Syria’s Uprising and the Fracturing of the Levant
By Emile Hokayem,
Routledge, 211 pages, $15.99
Starting in early 2011, a non-violent uprising in Syria preoccupied global and regional actors, aware that any escalation would spill over into several neighbouring states. As events progressed and Syria fell into the abyss it is in, Western powers hesitated in their differentiations between friend and foe, which empowered the regime to rely on its legendary violence that went from one extreme to the other.
Casualty figures reached obscene levels while conditions for the living, internal refugees as well as those who lingered in hastily assembled refugee camps in Turkey and Jordan — along with appalling non-camp-like conditions in Lebanon — became unendurable.
Syria was condemned to its tragic fate, the product of neglect that developed over five decades, and the result of boastful but entirely skewed military prowess than accumulated defeats, both of which transformed it into a dictatorship.
In this highly readable study, Emile Hokayem, a Senior Fellow for Regional Security at the Middle East office of the International Institute for Strategic Studies in London, crosses the t’s and dots the i’s of the Syrian civil war.

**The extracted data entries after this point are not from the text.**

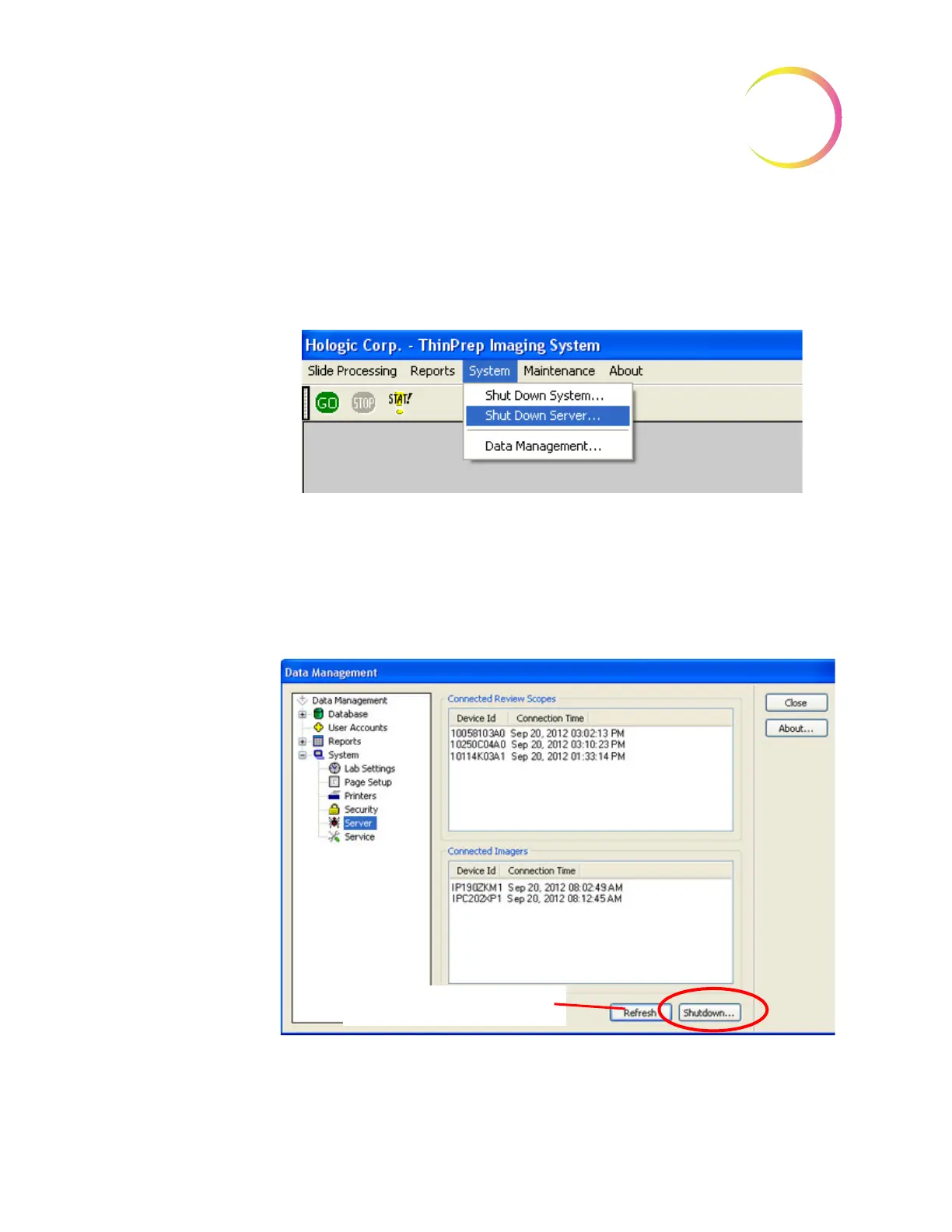 Figure 4-9 Select Shut Down Server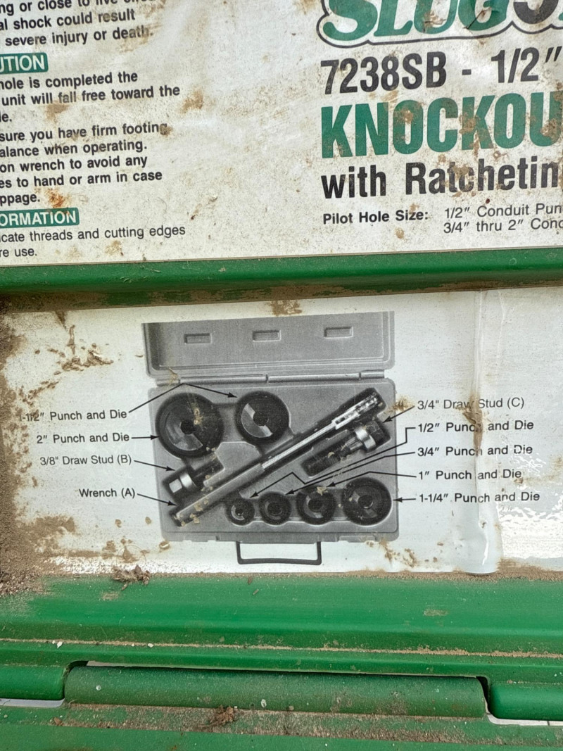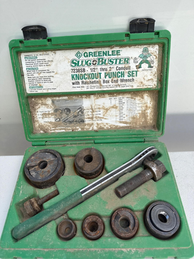 Greenlee knockout punch set designed for precision hole‑cutting in electrical and construction applications. Durable steel construction ensures long service life. Compact kit suitable for shop or jobsite use. Need Shipping?: Contact LoopCycle
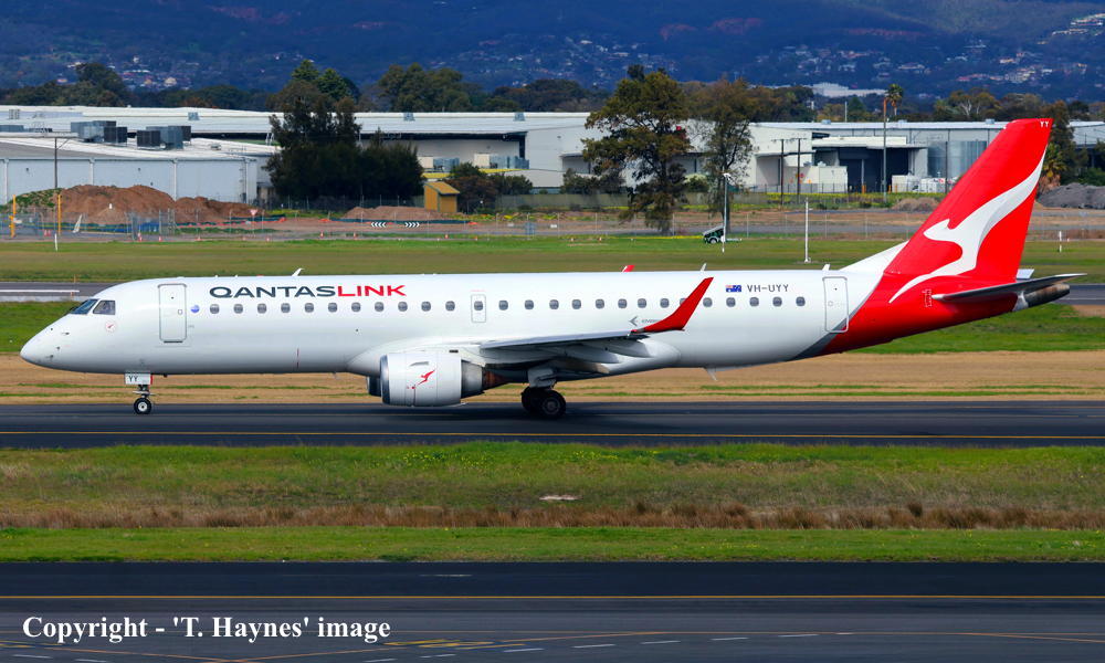 This aircraft was ordered by Copa Airlines, Panama - ? Rolled off the production line at Sao Jose dos Campos, Brazil - October 2008 First flown as 'PT-SGV' - October 2008 Powered by General Electric GE34-10E6 engines Entered onto the Panama Aircraft Register as HP-1568CMP - October 13, 2008 Registered to Copa Airlines, Panama Accepted to Copa Airlines at Sao Jose dos Campos - October 2008 The aircraft was withdrawn from service at San Juan - March 17, 2020 Ferried Panama City - Sao Jose dos Campos - November 2020 Cancelled from the Panama Aircraft Register - November 20, 2020 Entered onto the United States Aircraft Register as N932QQ - November 20, 2020 Registered to TVPX Aircraft Solutions Inc Trustee, Utah Departed Costa Rica (Sao Jose dos Campos) on the delivery flight to Australia as SXI201 - January 11, 2021 It arrived at Brisbane (15:50 local) on completion of the delivery flight from Costa Rica - January 14, 2021 Sold to Alliance Airlines, Australia - January 14, 2021 Cancelled from the United States Aircraft Register - January 14, 2021 Entered onto the Australian Aircraft Register as VH-UYY - January 18, 2021 Registered to Bravo Airlines Pty Ltd, Brisbane Leased to Alliance Airlines Pty Ltd, Brisbane as the registered operator Operated its first revenue service Brisbane - ? - ? It was repainted into the QantasLink 'Silver Roo' livery - ? Current with QantasLink |

In five concise chapters, he describes the key developments that marked Syria, and raises critical questions for putative solutions. Although the study focuses on regional concerns, its strength lies in providing the reader with a superb analysis of the “decay of the Syrian state” (chapter 1) that discusses how Bashar Al Assad consolidated power, failed to introduce real reforms into the economy, and relied on security forces to reinforce sectarianism despite the fact that modern Syria was a relatively secular state.
Naturally, his father and predecessor, President Hafez Al Assad, set the stage for the country’s sectarian preferences and to “attenuate the stigma of heresy attached by Sunnis to Alawites”, went as far as obtaining “recognition of the Alawites as an offshoot of Shia Islam from a senior Lebanese Shia cleric Imam Musa Sadr” (page 32).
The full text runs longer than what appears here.